Table 3. Comparison estimations of the minimum M-eigenvalue with random elasticity M-tensors

References	$\mathit{n}=10$ Bounds	$\mathit{n}=20$ Bounds	$\mathit{n}=30$ Bounds
Lemma 2.2 and Theorem 3.1 of [9]	[−129.8, 105]	[−1561.9, 408]	[−5660.2, 908]
Lemma 2.2 and Theorem 3.2 of [9]	[−102.4, 105]	[−1324.4, 408]	[−4975.5, 908]
Theorems 1 and 2	[−8.9, 102.6]	[−530.4, 383.9]	[−2173.7, 799.7]
Theorems 1 and 3	[3.8, 102.6]	[−419.3, 383.9]	[−1956.8, 799.7]

4. Conclusions

In this paper, we exactly characterized the information of eigenvectors without irreducible conditions.
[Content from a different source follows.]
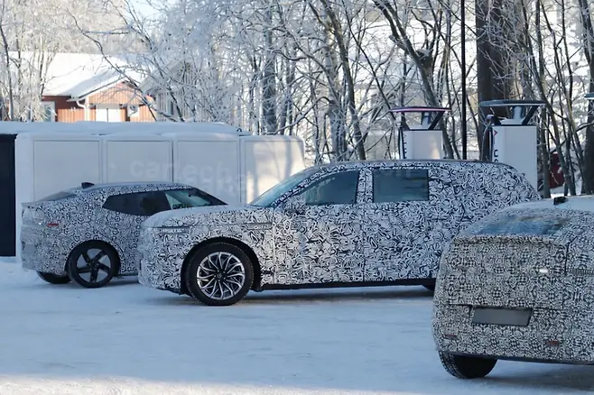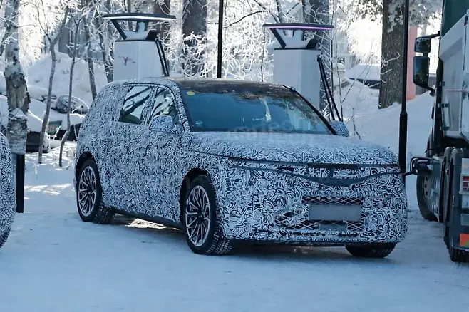 북유럽의 혹독한 눈길에서 포착된 GV90 프로토타입은 발광 크레스트 그릴, 펜더 깊숙이 연장된 동적 방향지시등, 대형 OLED 디스플레이를 선명히 드러냈다. 현대모비스 테스트 시설 인근에서 진행된 이 테스트는 배터리 열 관리, AWD 시스템 캘리브레이션, 에어 서스펜션 내구성을 중점 검증했으며, 프로토타입이 눈더미에 빠지는 장면도 포착됐다. 미쉐린 X-Ice Snowy SUV 타이어(285/45 R22)를 장착해 극한 조건에서의 그립과 안정성을 확인했으며, 이는 럭셔리 SUV의 겨울철 주행성을 강화하는 선택이다.

Further, we proposed a new upper bound and two sharp lower bounds for the minimum M-eigenvalue of elasticity M-tensors by establishing new eigenvalue inequality. Numerical examples were proposed to verify the efficiency of the obtained results.